Researchers seek to advance thin-film electronic devices
Researchers in California have made a discovery that could advance organic thin-film electronic devices.
According to a report on the US Department of Energy’s Lawrence Berkeley National Laboratory website, researchers have determined the pathways by which electrical charge is transported from molecule to molecule in an organic thin film.
Their results also show how such organic films can be chemically modified to improve conductance.
‘We have shown that when the molecules in organic thin films are aligned in particular directions, there is much better conductance,’ said Miquel Salmeron, project leader and director of Berkeley Lab’s Materials Sciences Division.
‘Chemists already know how to fabricate organic thin films in a way that can achieve such an alignment, which means they should be able to use the information provided by our methodology to determine the molecular alignment and its role on charge transport across and along the molecules. This will help improve the performances of future organic electronic devices.’

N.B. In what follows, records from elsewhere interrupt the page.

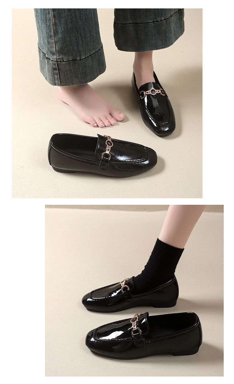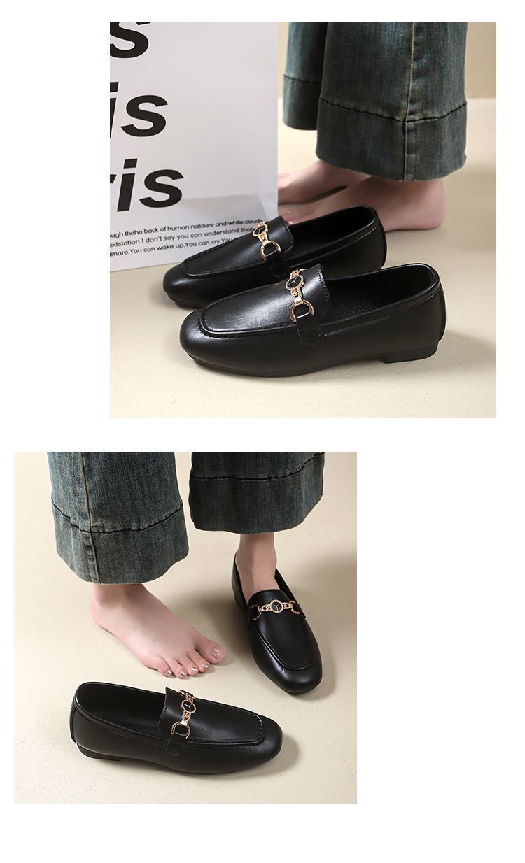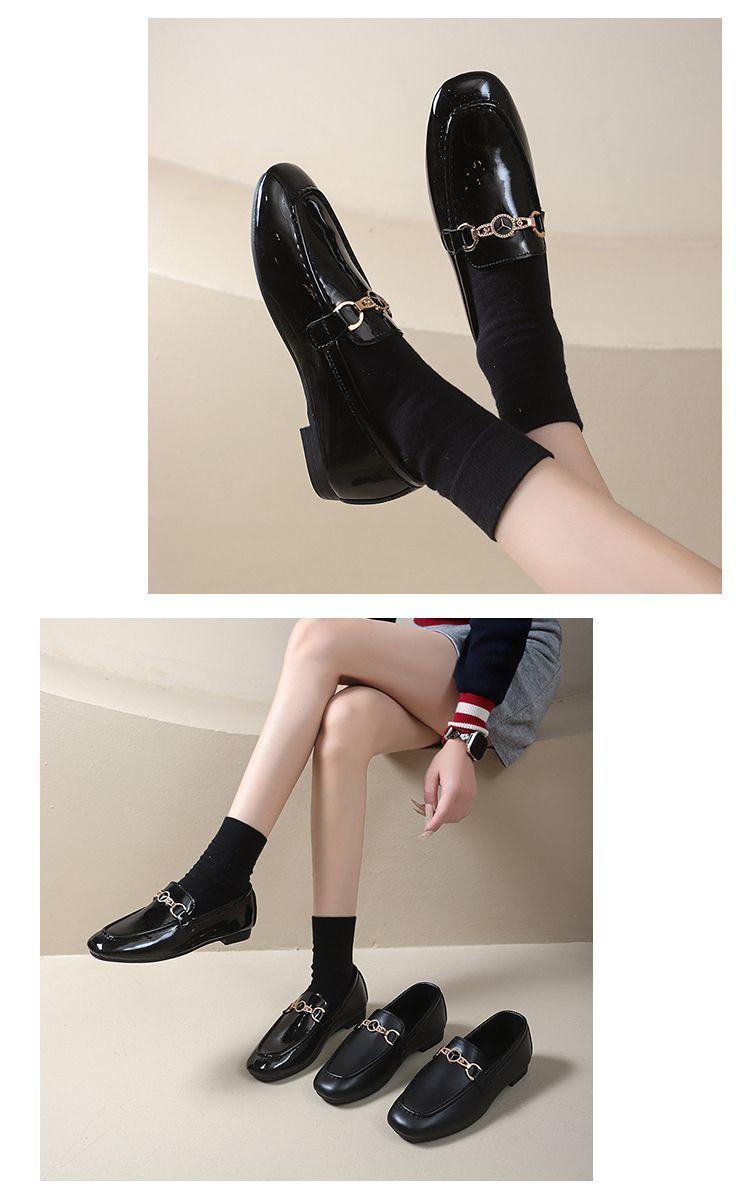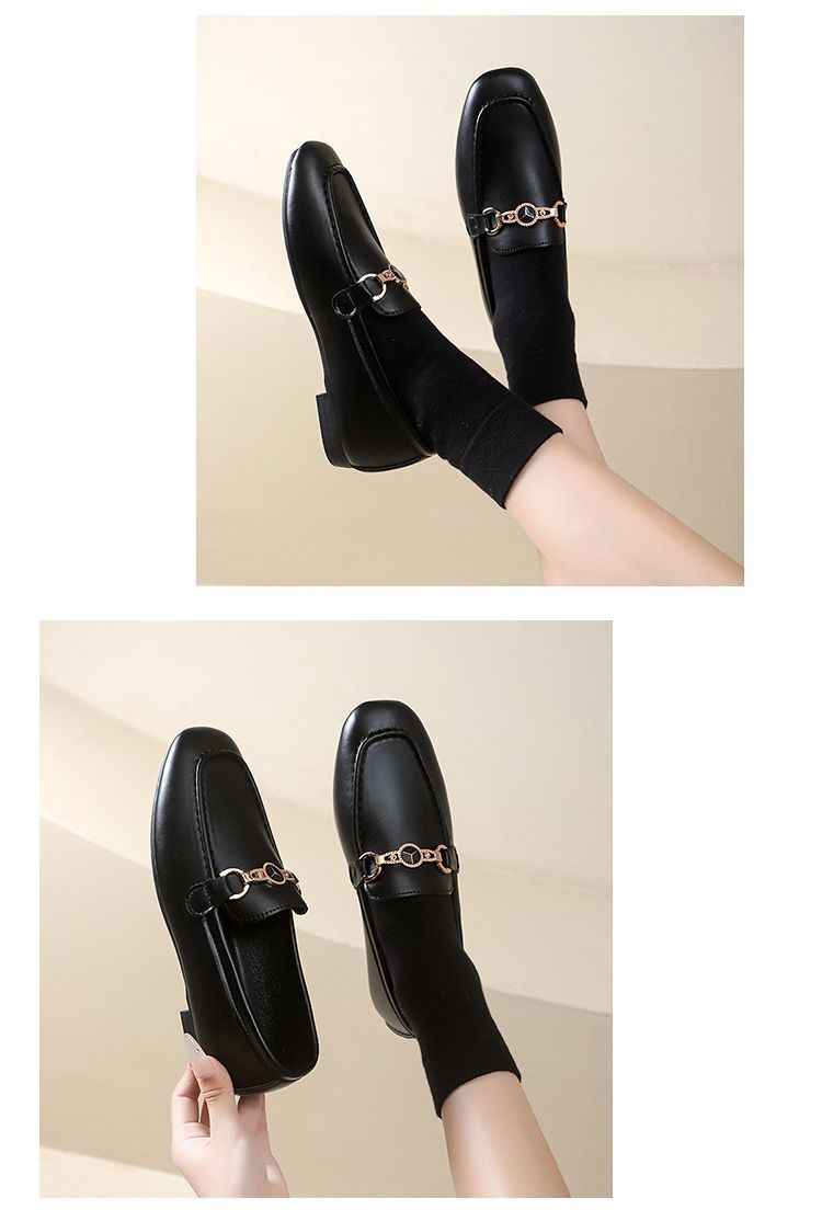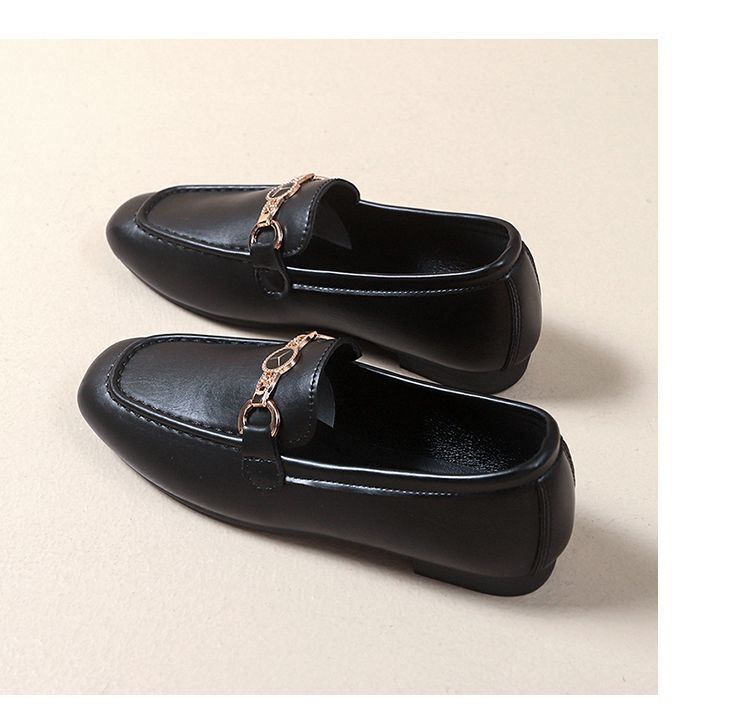 Zapatos de Cuero para Mujer 2025 Primavera y Otoño Nuevos Mocasines Versátiles Estilo Británico Fondo Plano Zapatos Individuales para Mujer
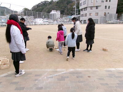 【生徒会】しま遊(モルック) 投稿日時 : 02/10 生徒指導 2/10(火)生徒会の生徒が家島小学校を訪問して児童と遊びを通して交流する「しま遊」がありました。 今回は「モルック」です。モルックはフィンランド発祥のアウトドアスポーツで、木製のピンを倒して得点を競うシンプルなゲームで、1年生が集まってくれました。 高校生と一緒に倒した本数や得点を計算するなど、算数の勉強にもなったようで楽しむことができました。 タグ 生徒会
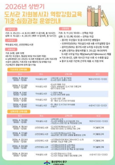 울산 중구가 도서관 운영을 활성화하고 자원봉사 문화를 확산하기 위해 ‘2026년 상반기 도서관 자원봉사자 역량 강화 교육’을 운영한다.

Salmeron and Shaul Aloni, also of the Materials Sciences Division, are the corresponding authors of a paper in the journal NanoLetters that describes this work.
Organic electronics, also known as plastic or polymer electronics, are devices that utilise carbon-based molecules as conductors, rather than metals or semiconductors. They are prized for their low costs, light weight and flexibility. Organic electronics are also expected to play a big role in molecular computing, but to date their use has been hampered by low electrical conductance in comparison with metals and semiconductors.

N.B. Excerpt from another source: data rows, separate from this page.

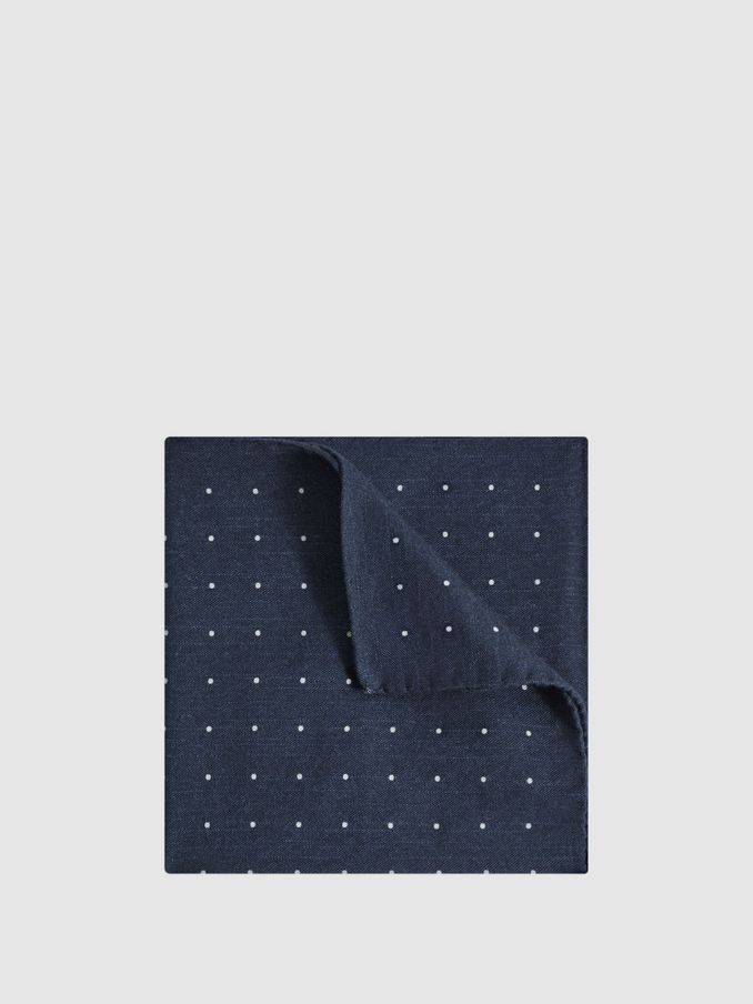 Cotton-Wool Polka Dot Pocket Square in Navy
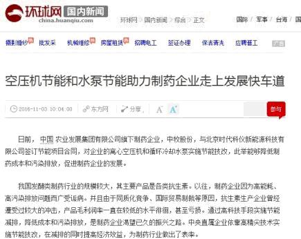 大家看一下,這是環(huán)球網(wǎng)的國內(nèi)新聞,是《空壓機(jī)節(jié)能和水泵節(jié)能助力制藥企業(yè)走上發(fā)展快車道》,我們瞄準(zhǔn)制藥的痛點(diǎn),就是它的空壓使用量特別大,而且離心空壓機(jī),它的節(jié)能特別困難,我們給他做之前,他的兄弟單位做了兩年的試驗(yàn),然后獲得成功,現(xiàn)在這個(gè)央企里面給他做節(jié)電,另外一個(gè)水泵系統(tǒng),水泵系統(tǒng)給他做最大能效(EER值),這樣一套系統(tǒng)。
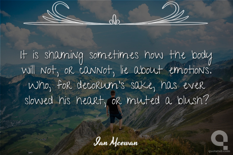 It is shaming sometimes how the body will not, or cannot, lie about emotions. Who, for decorum’s sake, has ever slowed his heart, or muted a blush?
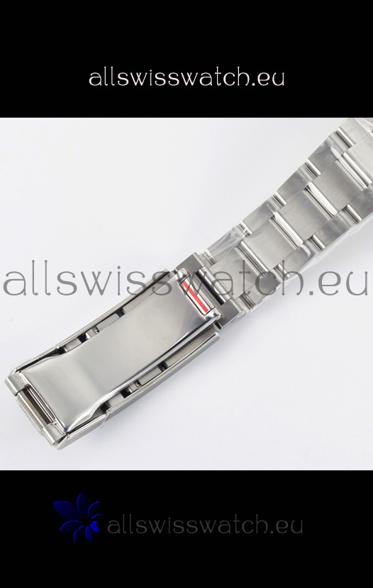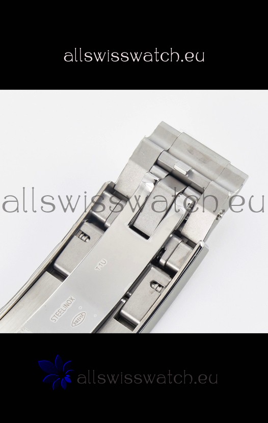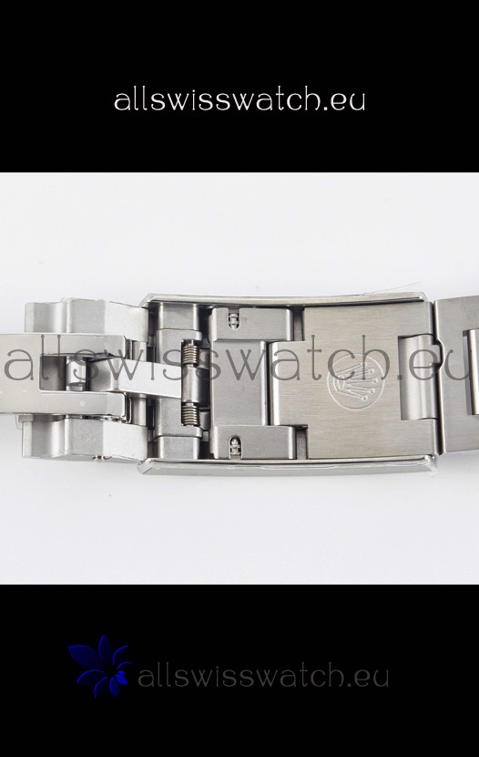 18K 10 Microns Thick Two Tone Gold Plating on 904LL Stainless Steel Oyster Bracelet with Brushed Finish and new design Diver's Extension. Bracelet's been updated with Ball Bearings in Ceramic in Latch Mechanism and Buckle has been updated with much better Finishing and Crisp Markings.

The team used electron diffraction patterns to map the crystal structures of molecular films. However, obtaining structural crystallographic maps of monolayer organic films using electron beams posed a major challenge.
‘These organic molecules are extremely sensitive to high-energy electrons,’ said Aloni. ‘When you shoot a beam of high-energy electrons through the film, it immediately affects the molecules. Within a few seconds, we no longer see the signature intermolecular alignment of the diffraction pattern. Despite this, when applied correctly, electron microscopy becomes an essential tool that can provide unique information on organic samples.’
It is reported that the team overcame the challenge through the combination of a unique strategy they developed and a transmission electron microscope (TEM) at the Molecular Foundry’s Imaging and Manipulation of Nanostructures Facility. Electron diffraction patterns were collected as a parallel electron beam was scanned over the film, then analysed by computer to generate structural crystallographic maps.
‘These maps contain uncompromised information of the size, symmetry and orientation of the unit cell, the orientation and structure of the domains, the degree of crystallinity and any variations on the micrometer scale,’ said first author Virginia Altoe. ‘Such data are crucial to understanding the structure and electrical transport properties of the organic films and allow us to track small changes driven by chemical modifications of the support films.’
While the combination of organic molecular films and substrates in this study conduct electrical current via electron holes (positively charged energy spaces), the team claims that structural mapping can also be applied to materials whose conductance is electron based.
‘We expect our methodology to have widespread applications in materials research,’ said Salmeron.